Big mistake, because what she saw made her stiffen, lurch, and then she was falling, grasping at the railing, catching it just enough so that she didn’t die, though by the time she reached the bottom she almost wished she had.

The wind was knocked out of her. She couldn’t draw a breath. Couldn’t move. Couldn’t speak.

It got even worse when Amberleigh landed on her chest.

If the dirty-blond werewolf—guess Amberleigh bleached her hair, big shock—with the big baby blues had gone right for Gina’s throat, she’d have been done for. But apparently Amberleigh liked to play with her food.

Her lip pulled back in a snarl. Foam flecked her snout. If it hadn’t been for the human eyes, Gina would believe a rabid wolf had crept into the house. But the eyes were human, and they were Amberleigh’s.
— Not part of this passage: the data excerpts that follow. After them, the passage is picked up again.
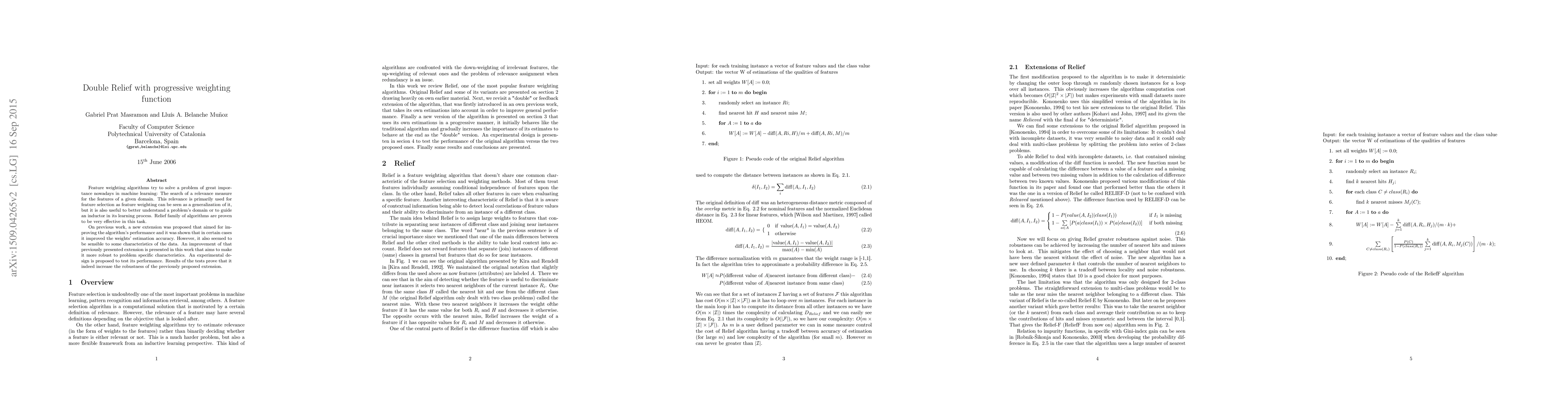 This paper proposes an improved version of a progressive weighting function extension to the Relief family of algorithms, aiming to enhance the robustness of feature weighting and selection. Experimental results demonstrate that the new method effectively increases the algorithm's robustness to problem-specific characteristics.
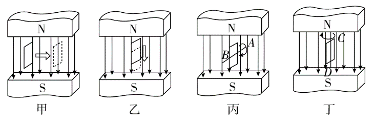 (C)如图丙所示,线框绕位于线框平面内且与磁感线垂直的轴线AB转动
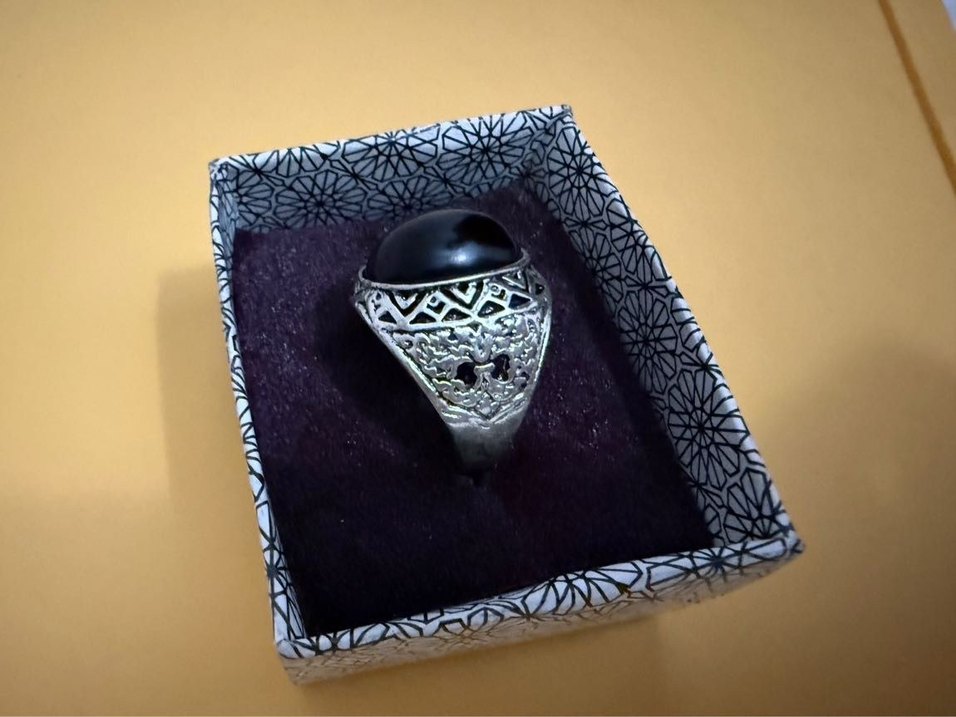 Koyu siyah taş ve detaylı desenli gümüş tonlu bant ile gotik ve retro tarzda erkek yüzük çeliktir
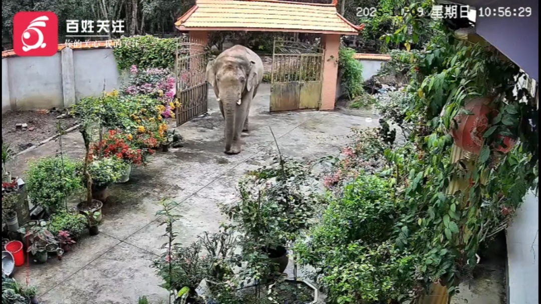 监控画面显示,大象用鼻子推开大门,走进院子,短暂停留后自行离开。
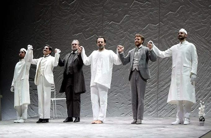 La scenografia appare nuda,dominante è il bianco, anche il protagonista indossa la camicia di forza bianca, nessun colore appare agli occhi del pubblico, nessun colore che ci ricorda i quadri dipinti da Vincent Van Gogh, che afferma “ i colori ti entrano negli occhi ed escono dalla punta del pennello….”. Si ode una voce fuoricampo e lentamente il protagonista si solleva da terra al sopraggiungere del fratello Theo,al quale Vincent chiede : “ Portami via da qui!”
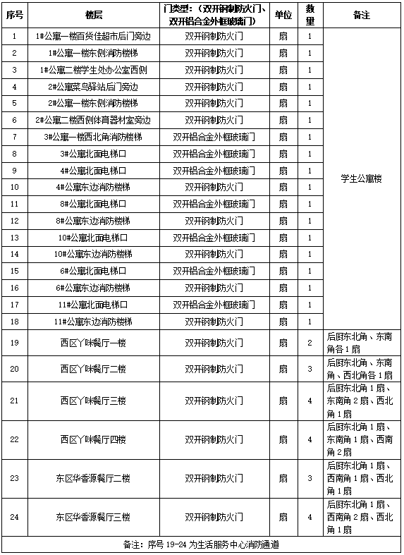 4.项目概况:根据消防管理要求及学校公寓楼实际需要,对1#、2#、3#、4#、6#、8#、10#、11#共计8栋学生公寓楼一楼消防通道和生活服务中心消防通道安装电磁锁装置,总计38扇消防通道。
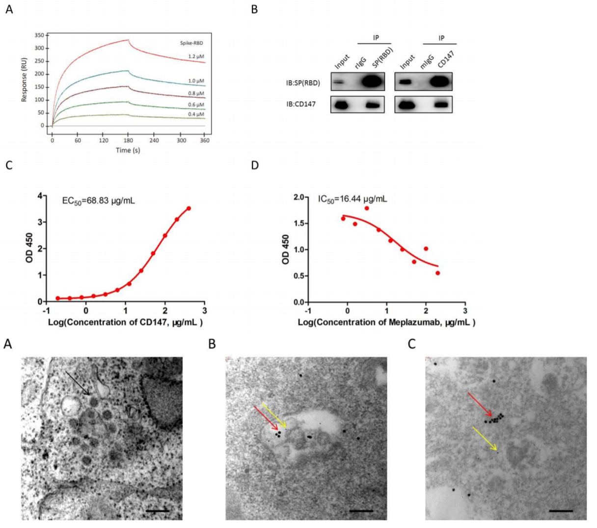 ACE2 is well established as the primary target for viral attachment and entry for both SARS-CoV-1 and SARS-CoV-2 (Li et al., 2005; Zhang et al., 2020). In addition, several other molecules have been discovered to play an accessory role in permitting viral entry into host cells. One of these accessory proteins is a molecule called TMPRSS2, a serine protease that acts to prime the viral spike (S) protein of SARS-CoV-1 prior to interaction with ACE2 and was also found to be implicated in the attachment of SARS-CoV-2 (Hoffman et al., 2020). More recently, CD147 was found to be a novel mediator of viral attachment in SARS-CoV-2 infection. CD147 is a membrane-spanning glycoprotein that is prominently associated with tumor development, protection from plasmodium invasion, and viral infection: it has been shown to inhibit signaling pathways of the tumor suppressor p53, block red blood cell infection of the protozoan that causes malaria P. falciparum, and facilitate HIV invasion (Huang et al., 2014; Zhang et al., 2017; Pushkarsky et al., 2001). Previously, Wang et al. showed that CD147 facilitates SARS-CoV-1 entry, which could be inhibited by CD147-antagonist peptide-9 in the HEK293T cell line (Chen et al., 2005). Here, they first demonstrated that humanized anti-CD147 monoclonal antibody Meplazumab competitively inhibited binding of the S protein and CD147 – compared to controls, CD147-blocked cells displayed significantly less infection by SARS-CoV-2. Additionally, Surface Plasmon Resonance (SPR, Top figure 1A) and co-immunoprecipitation with anti-CD147 and anti-S protein (Top figure 1B) confirmed the interaction of the two molecules with micromolar affinity (Kd = 1.85 x 10-7 M); and competitive direct ELISA (Top figure 1C-D) confirmed a dose-dependent interaction and its inhibition by Meplazumab. Follow-up observation by electron microscopy in infected Vero E6 cells (Bottom figure 1A-C) demonstrated significant co-localization of CD147 and S protein in viral inclusion bodies (Wang et al., 2020). The discovery of novel routes of entry provides unique opportunities for supplementing the molecular arsenal against SARS-CoV-2.
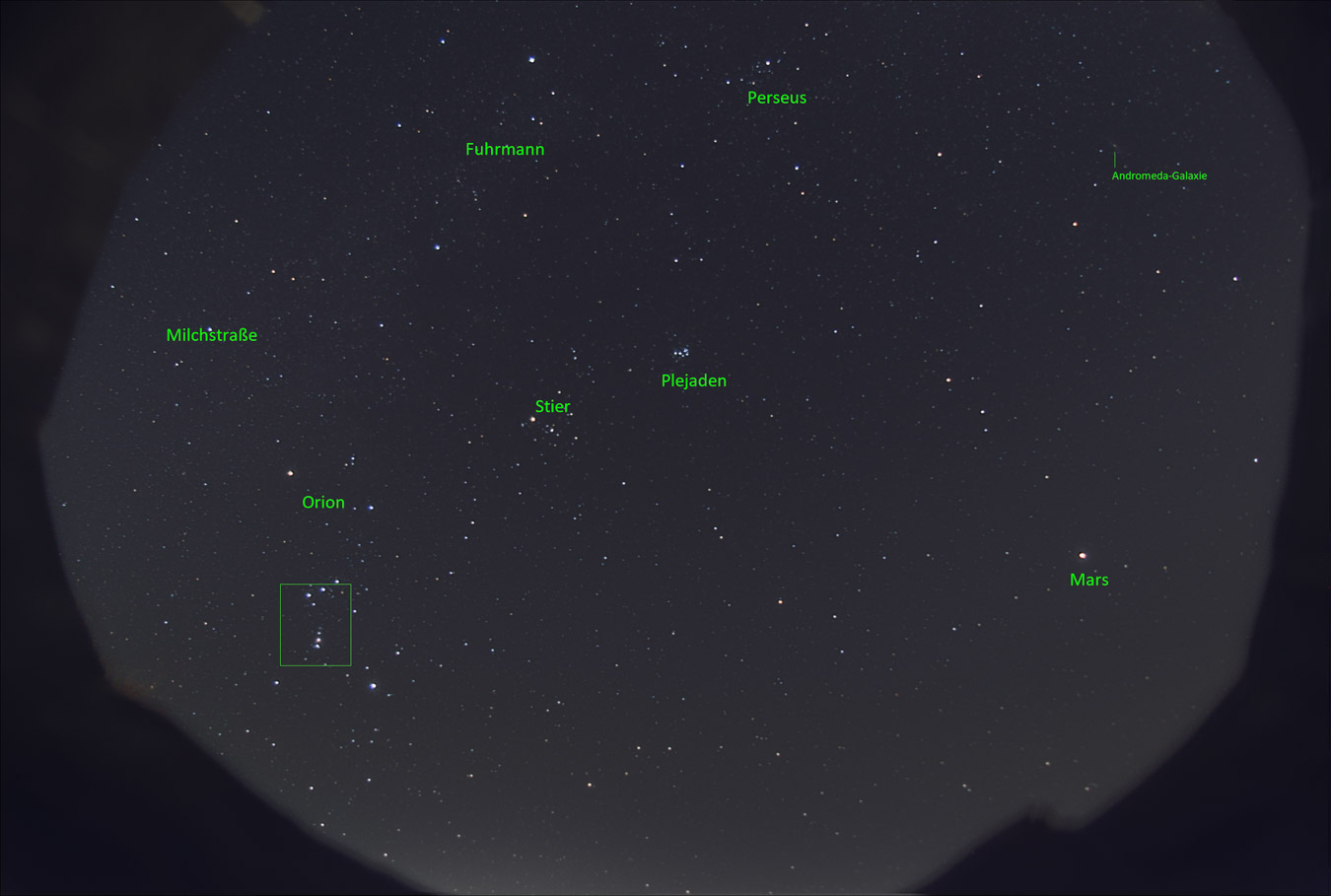 Himmelsanblick an einer dunklen Nacht im Dezember 2020, vom Gänsberg Richtung Süd-Südwest schauend. Das grüne Rechteck links unten markiert den Bereich, der in diesem Foto des → Pferdekopf- und Orionnebels aufgenommen wurde. |
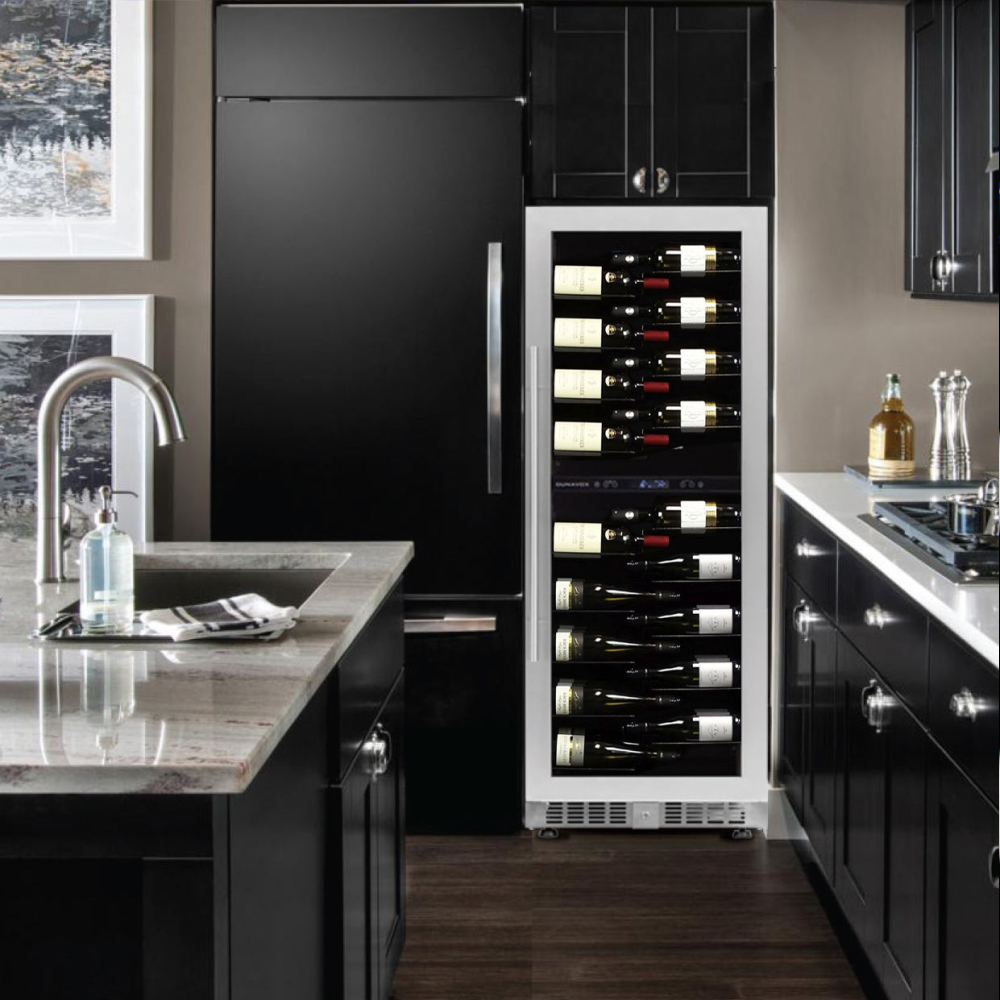 Шкаф винный Dunavox DX-104.375DSS предназначен для демонстрации, хранения и создания оптимальных условий для сохранения всех вкусовых свойств вина в бутылках на предприятиях общественного питания, торговли, в барах, ресторанах, специализированных магазинах, частных домах или квартирах. Модель оснащена сенсорной панелью управления, электронным термостатом, сигнализатором открытой двери и трехцветной LED-подсветкой (Red, Green, Blue) в каждой зоне. Корпус выполнен из окрашенного металла, дверь - из бесшовной нержавеющей стальной рамы и тонированного стекла с защитой от ультрафиолетовых лучей,полки - из пластифицированного металла, ручка двери - из стали.

The creature leaned slowly forward, waiting for Gina to panic, to squirm, to beg. Gina might have, if she’d yet been able to speak. However, the hundred-plus pounds of beast on her chest prevented her from doing anything but gasp.

Amberleigh quickly became bored—another thing the wolf and the girl had in common besides their eyes. She reared back to strike and—

Flames shot out the top of her head.

CHAPTER 22

Gina shoved the howling, fiery, dying mass of fur and fangs from her chest, then scooted away. Her back ran into something solid, and she gasped, whirled, then went into Teo’s arms as he fell to his knees and caught her.